While this example has been described with reference to specific hardware and a specific arrangement of the hardware, any appropriate hardware or arrangements thereof may be used in accordance with the principles described herein. Further, while this example has been described with reference to specific types of memory in the caches, buffers, and processing elements, any appropriate type of memory may be used in accordance with the principles described herein. Also, the processing element (102), the first and second level caches (104, 108), and the executing engine (106) may be integrated onto the same chip and be in communication with the memory devices that are located elsewhere. In other examples, at least two of the processing element (102), the first and second level caches (104, 108), and the executing engine (106) are located on different chips, but are still in communication with each other.
Further, while the example of FIG. 1 has been described with reference to indexing requests, any appropriate requests may be used in accordance with the principles described herein. Other suitable requests may include requests that have big data workloads.

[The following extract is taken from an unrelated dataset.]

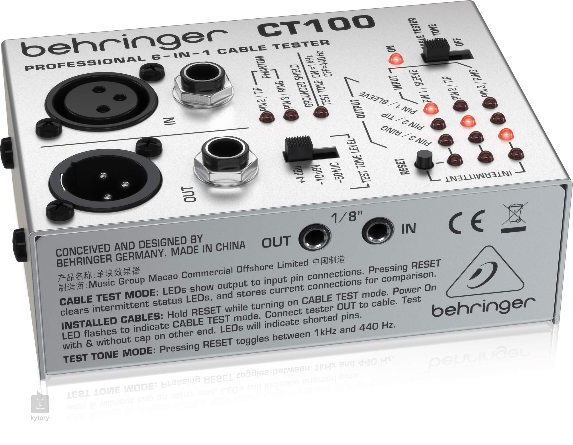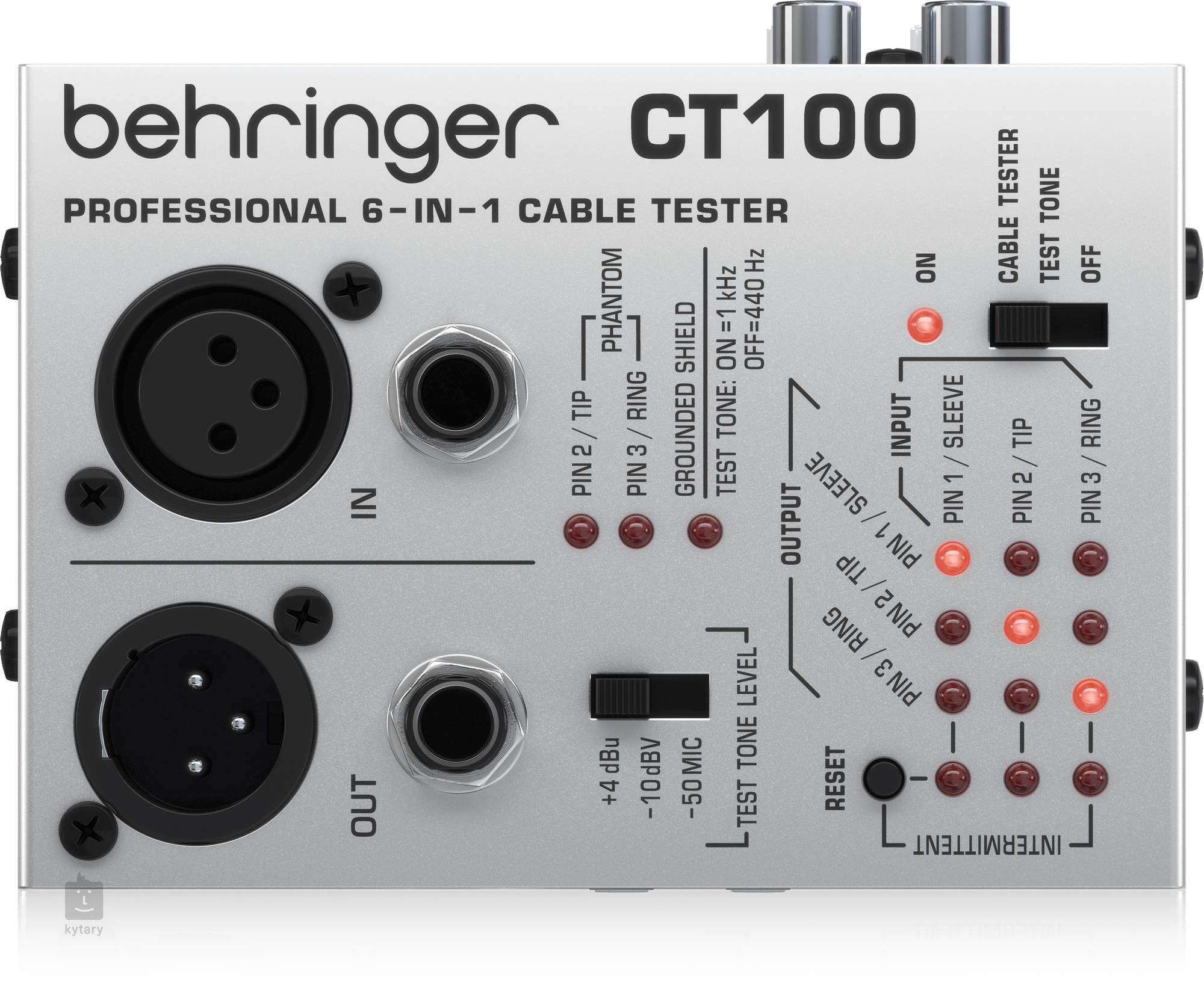 Behringer CT100 to tester kabli 6 w 1, który jest kompatybilny z prawie wszystkimi kablami używanymi w studiu lub na koncertach, tj. XLR, mono Jack 6,3 mm, TRS, telefoniczny Jack 3,5 mm, TT, RCA, a nawet MIDI. Test okablowania, test zainstalowanego okablowania i Tone. Diody LED wskazują, które wejścia i wyjścia są podłączone, a także wskaźniki LED ekranowania i zasilania phantom. Do zasilania urządzenia wymagane są dwie baterie AA.

FIG. 2 is a diagram of an example of an executing engine (200) according to the principles described herein. In this example, the executing engine (200) includes a request decoder (202), a controller (204), computational logic (206), and a buffer (208). The buffer (208) is in communication with the processing element's cache (210), and the request decoder (202) is in communication with the processing element (212). Further, the controller (204) is in communication with the memory devices (214, 216, 218). The processing element (212), processing element's cache (210), and the executing engine (200) are located on a single chip (220).
The processing element (212) sends the indexing request to the request decoder (202) where the request is decoded. The request decoder (202) sends the decoded request to the controller (204) which executes a portion of the indexing request. The controller (204) initializes the indexing request by starting the search in the higher levels of the data structure that contains the sought after information. The higher levels of the data structure may be stored in a library that is internal to the executing engine (200) or located at a remote location. The higher levels of the data structure include links and/or pointers that direct the controller (204) to the location of at least some of the relevant information pertaining to the indexing request.

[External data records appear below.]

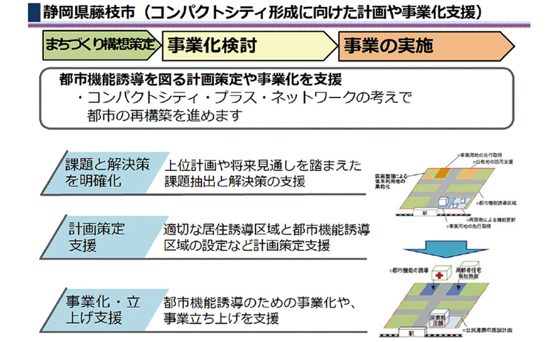 さらに、「災害復興支援」や「まちづくりの相談・コーディネート」「コンパクトシティ形成に向けた計画や事業化支援」「土地区画整理の技術支援、子育て・商業・居住機能」について実例と併せて紹介しました。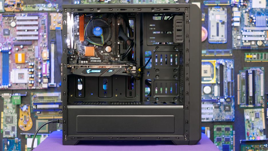 Konfiguracja komputera to oczywiście procesor Intel Pentium G4560, płytę główną ASRock H110M-DGS, 8GB RAM DDR4 w jednej kości, kartę graficzną Gigabyte Aorus RX 570 4GB, zasilacz Cooler Master B400 v2 oraz tania obudowa. W celach prezentacyjnych użyliśmy modelu SilentiumPC Regnum RG2 Pure Black. Do wyboru macie dysk SSD Kingston A400 120GB lub dysk talerzowy Toshiba P300 1TB, których cena jest zbliżona. Po zsumowaniu cena całości wyniosła nieco ponad 2000 złotych.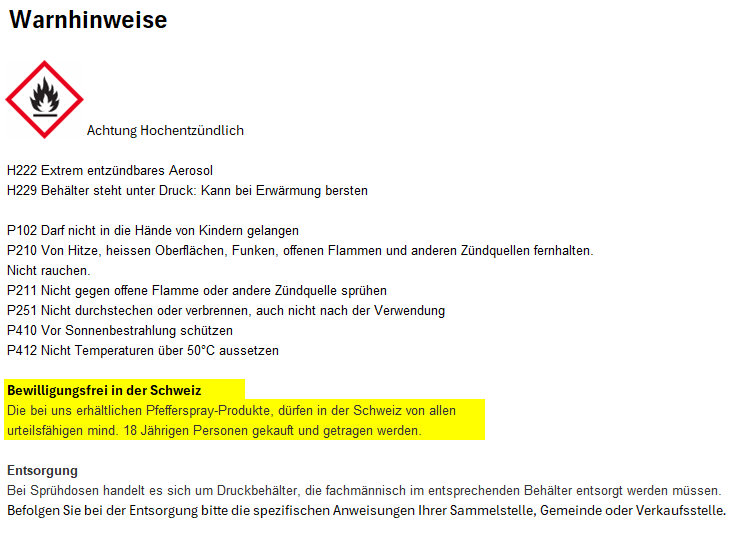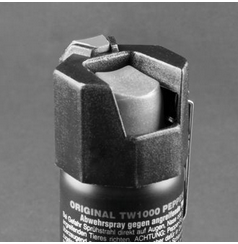 Auf Grund der speziellen Form der Schutzkappe ist das Abwehrspray gegen unbeabsichtigtes Auslösen und Selbstansprühen gesichert.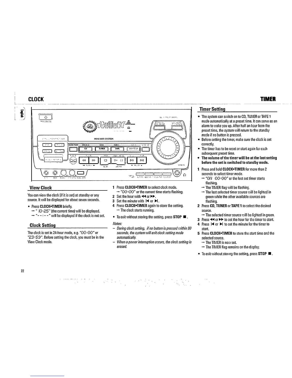 Philips FW 855C - Clock and Timer Functions; Viewing the Clock; Setting the Clock; Setting the Timer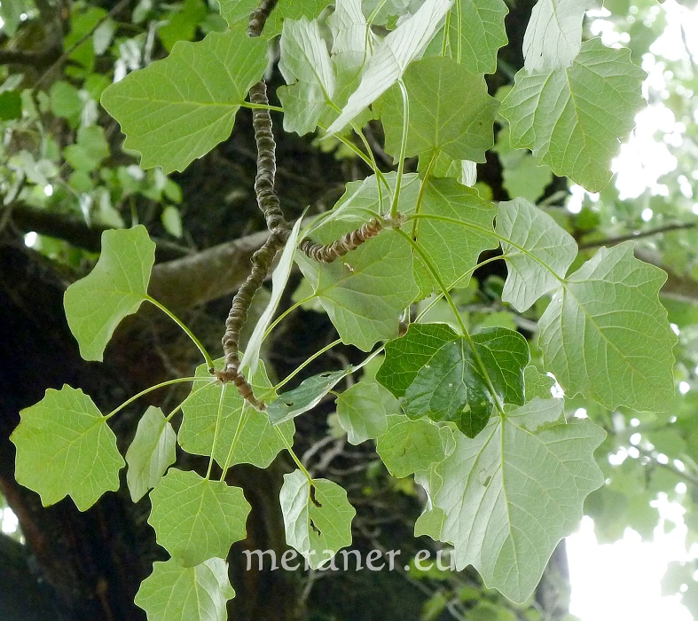 Die an ihrer Unterseite dauerhaft weiß-filzig behaarten Blätter machen die Silber- oder Weiß-Pappel (Populus alba L.) zu einem unverwechselbaren, schmückenden Baum. Diese im Mittelmeerraum und in weiten Teilen Südwestasiens heimische Pappel besiedelt gerne Flussufer und Auwälder außerhalb von Überschwemmungsgebieten; sie wächst auch auf trockenen, sandigen und humosen Böden und aufgelassenen und verwilderten Lagerplätzen.

In response to determining the location of the relevant information, the controller (204) forwards the indexing request to the memory devices (214, 216, 218) as appropriate to execute the remainder of the indexing request. In this manner, the principles described herein distribute the function of executing the indexing request between portions of the chip (220) and different memory devices. Such a distributed mechanism frees up the resources on the chip for other purposes and/or reduces their energy consumption of the components on the chip, like the processing element, during the execution of the indexing request.

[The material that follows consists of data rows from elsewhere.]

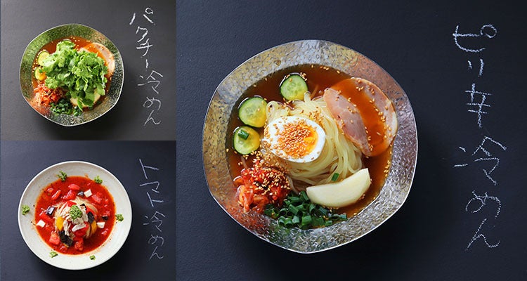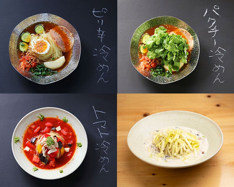 定番ピリ辛冷麺+パクチー冷麺+トマト冷麺+プレミアお任せ麺(うに、アワビ、ロブスターなどを使用した月替わりの麺)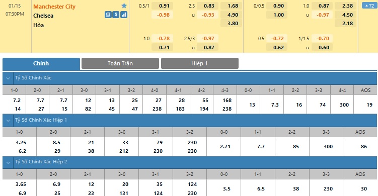 Xem tỷ lệ kèo cá cược bóng đá trực tuyến Manchester City vs Chelsea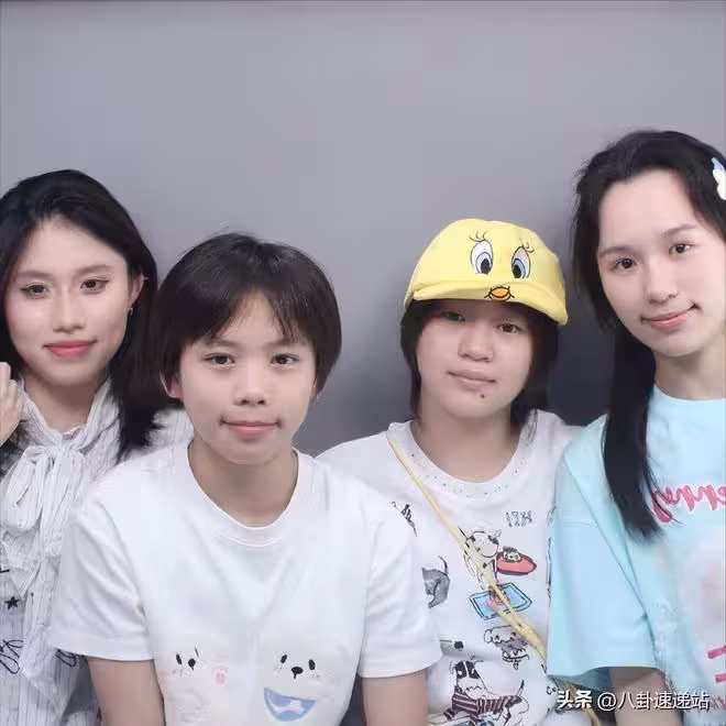全妹坐在中間,身上穿著白色長袖,衣服前面還有很多小狗圖案,特別可愛,一看就是十幾歲小姑娘愛穿的衣服。

In response to receiving the responses from the individual memory devices (214, 216, 218), the computational logic (206) computes any appropriate computations not already computed in the memory devices (214, 216, 218). Further, the results of the memory devices' searches are stored in the buffer (208) until a finalized response for the processing element is finished. In response to finishing the finalized response, the buffer (208) sends the finalized response to the processing element's cache (210) where the processing element (212) has access to the finalized response.
Each of the memory devices (214, 216, 218) has a logic layer (222) that includes a similar layout to the components of the executing engine (200). For example, each of the memory devices (214, 216, 218) includes a request decoder that decodes the request forwarded from the executing engine (200). Further, the memory devices (214, 216, 218) include a controller that searches the lower levels of the data structure for information relevant to the indexing request. Additionally, a buffer stores information retrieved by the controller of the memory devices. Also, the memory devices (214, 216, 218) include computational logic to perform computations on the retrieved data as appropriate.
When the memory devices (214, 216, 218) determine that their portion of executing the indexing request is complete, the buffers in the memory devices (214, 216, 218) send just the relevant data to the controller (204) of the executing engine (200). Thus, the logic layers (222) of the memory devices (214, 216, 218) are an extension of the functions performed with the executing engine (200).
While this example has been described with reference to specific components and functions of the executing engine, any appropriate components or functions of the executing engine may be used in accordance with the principles described herein. Further, while this example has been described with reference to specific components and functions of the logic layers of the memory devices, any appropriate components or functions of the logic layers may be used in accordance with the principles described herein.
FIG. 3 is a diagram of an example of higher levels of a data structure (300) according to the principles described herein. In this example, the executing engine (302) includes a portion of the data structure (300) which contains a first level (304) of the data structure (300) and a second level (306) of the data structure (300). The data structure (300) has a tree format where each category of information spreads out into subcategories and so forth to form a tree. In this example, the second levels (306) contain links (308) to the third levels that are not stored in the higher levels of the data structure (300).
FIG. 4 is a diagram of an example of lower levels of a data structure (400) according to the principles described herein. In this example, just the data structure of a single memory device (402) is depicted. Here, the lower levels of the data structure (400) include a third layer (404) and a fourth layer (406). As described above in connection with the example of FIG. 3, the data structure (400) in the example of FIG. 4 also includes a tree format.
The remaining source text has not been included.